I know what you are saying with performance. My iPhone 4 and iPad 3 were ruined by the last supported software updates as well. On iOS 12, I was reluctant to upgrade my older 5s and older iPhone 6, but glad I did.
Overall both devices are far more useful, and actually are quicker in some functions than before. I would suggest looking into reviews for your device in iOS 12, and confirm for yourself before making the change.
I don't want this to seem that I'm trolling or being negative on purpose, but I have always had the same gripe with reviews: Do people know how should their devices be working? I think people forget about how fast their devices were on the original iOS versions. (This probably applies only to battery life on iOS 12, as I said, performance is probably fine)
I will illustrate: I have seen people here say the iPhone 5c on iOS 10 is absolutely flawless.
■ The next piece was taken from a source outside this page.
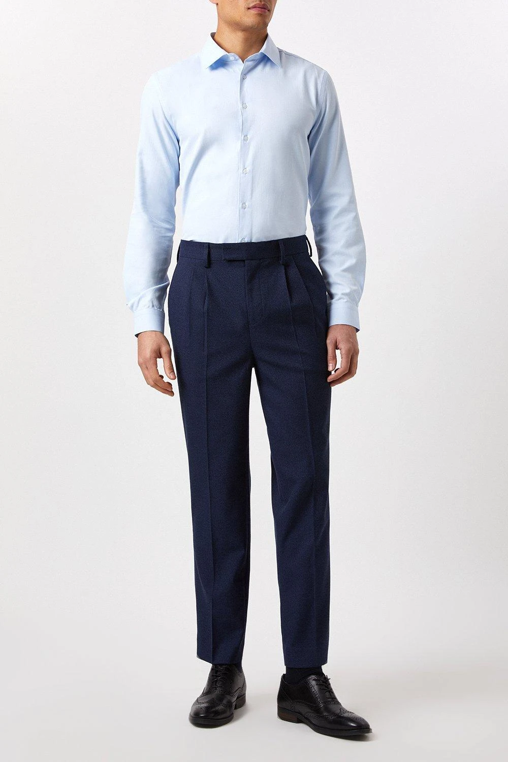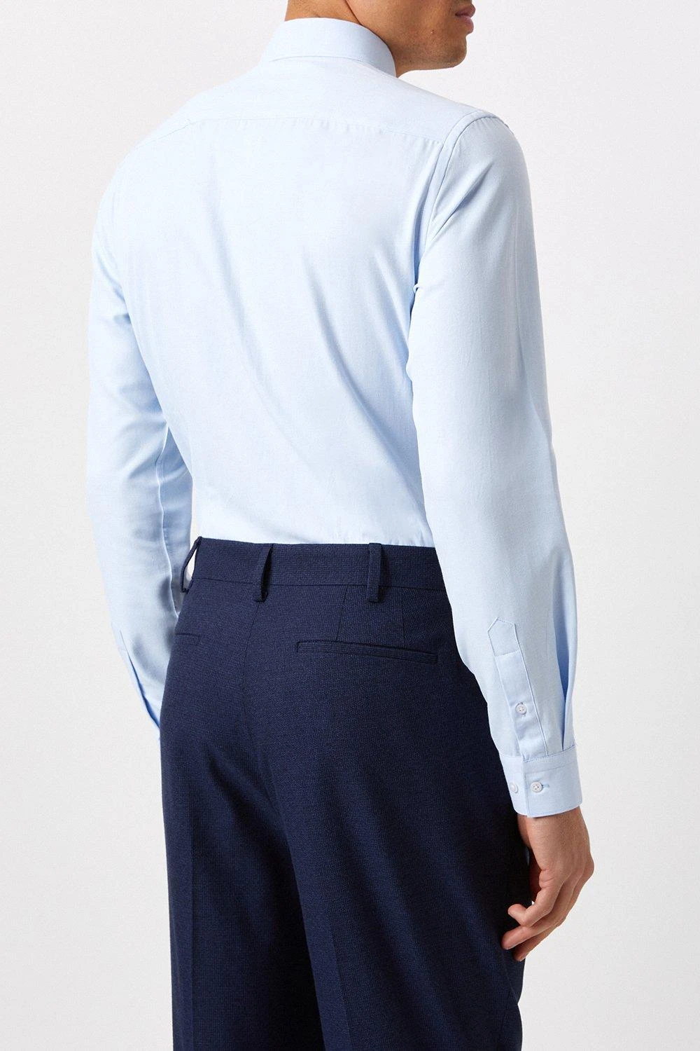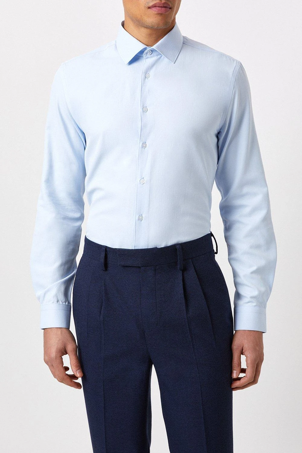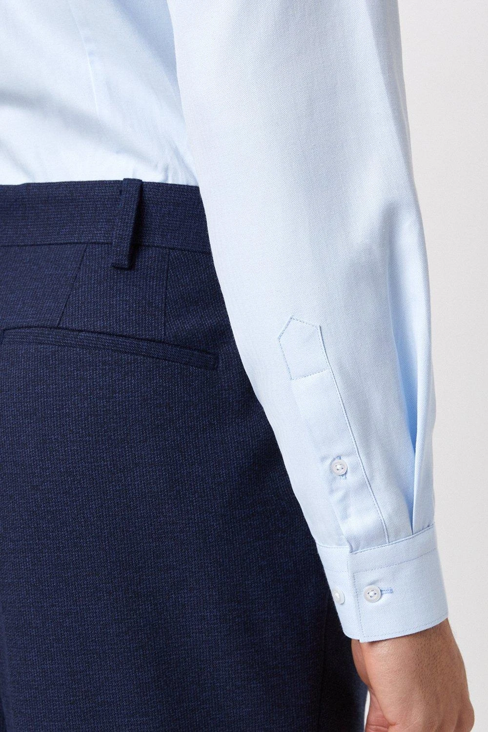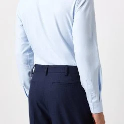 Burton Tailored Fit Blue Herringbone Texture Smart Shirt

I have it on iOS 9. It is great, actually, compared to what I should expect of a 32-bit device updated two versions of iOS. But it has absolutely no comparison to iOS 7. The keyboard has mild lag; is it absolutely unusable? No, actually, far from it, but it is there. Apps crash? No, but they take 3-4 times longer to load than what my iPod Touch 5G on iOS 6 takes. (One little fun fact: the iPod Touch is slightly faster on app launch than my 6s - yes, negligibly so, but faster indeed. That's how good iOS 6 was).
Back to the 5c: battery life. Atrocious. It should be around the same than the 5s. Furthermore, I have read that it should even have a slight edge over the 5s I was using, and the 5s had no Low Power Mode (It's on iOS 8, LPM was added on iOS 9). Well... It is horrible. 5-6 hours with Wi-Fi and light use with LPM since 100%, and 3 hours with LTE and outdoor brightness, again, LPM all along. I should be getting double with LTE, and 3 more hours with Wi-Fi. Everyone here says the 5c on iOS 10 is fine, battery life is decent, and that iOS 10 is a great surprise because of performance (arstechnica wrote a review saying that. I bet they didn't try one on iOS 7).
After writing the previous line, I looked up the review and skimmed through: it compares it to... iOS 9. And it even has worse app launch results than iOS 9: not a single one under a second. My iPod Touch 5G and 6s launch apps in under 0.8. My 5c is almost double that, and in some cases, more; yet I have read people saying iOS 10 was flawless and I should update without a sliver of a doubt, even if I were on iOS 7.